• What you will do: A single number is the answer: the count of lines in the listing below that contain "with".

• Study material:
◇ ◇ ◇
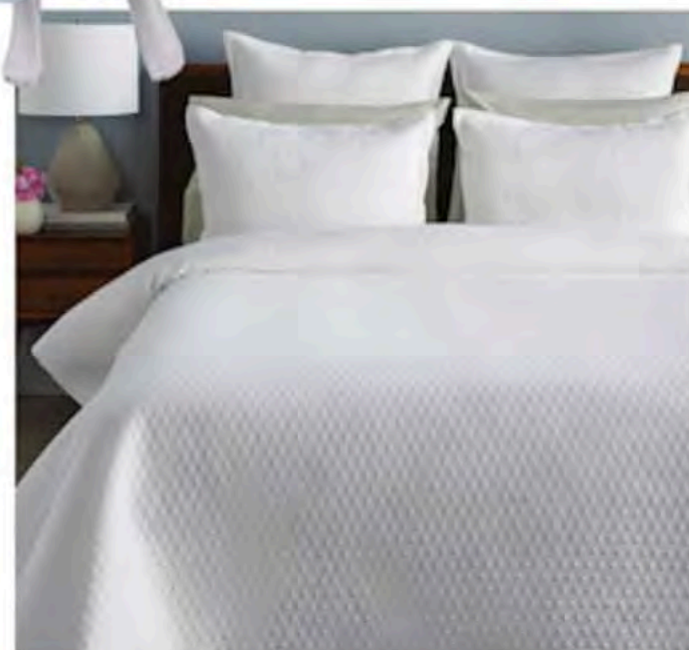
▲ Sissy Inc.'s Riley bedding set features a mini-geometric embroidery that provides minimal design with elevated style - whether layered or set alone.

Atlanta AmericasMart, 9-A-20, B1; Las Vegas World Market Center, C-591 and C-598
◇ ◇ ◇
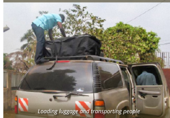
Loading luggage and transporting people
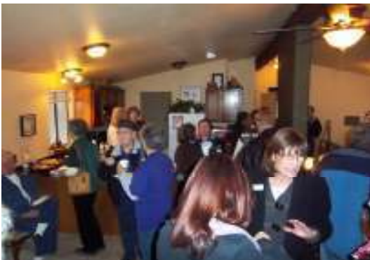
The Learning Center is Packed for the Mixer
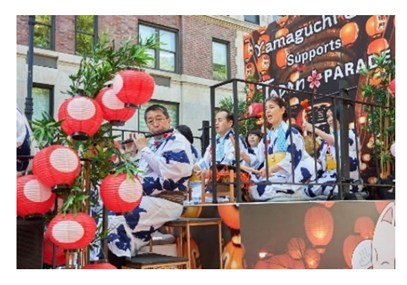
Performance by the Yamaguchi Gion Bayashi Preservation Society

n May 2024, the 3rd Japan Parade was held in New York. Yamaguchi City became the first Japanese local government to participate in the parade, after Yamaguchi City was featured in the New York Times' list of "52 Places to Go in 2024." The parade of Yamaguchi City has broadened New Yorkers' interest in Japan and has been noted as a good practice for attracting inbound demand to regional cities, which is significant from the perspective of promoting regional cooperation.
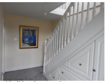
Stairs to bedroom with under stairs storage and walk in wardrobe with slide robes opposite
◇ ◇ ◇
• Answer box: 2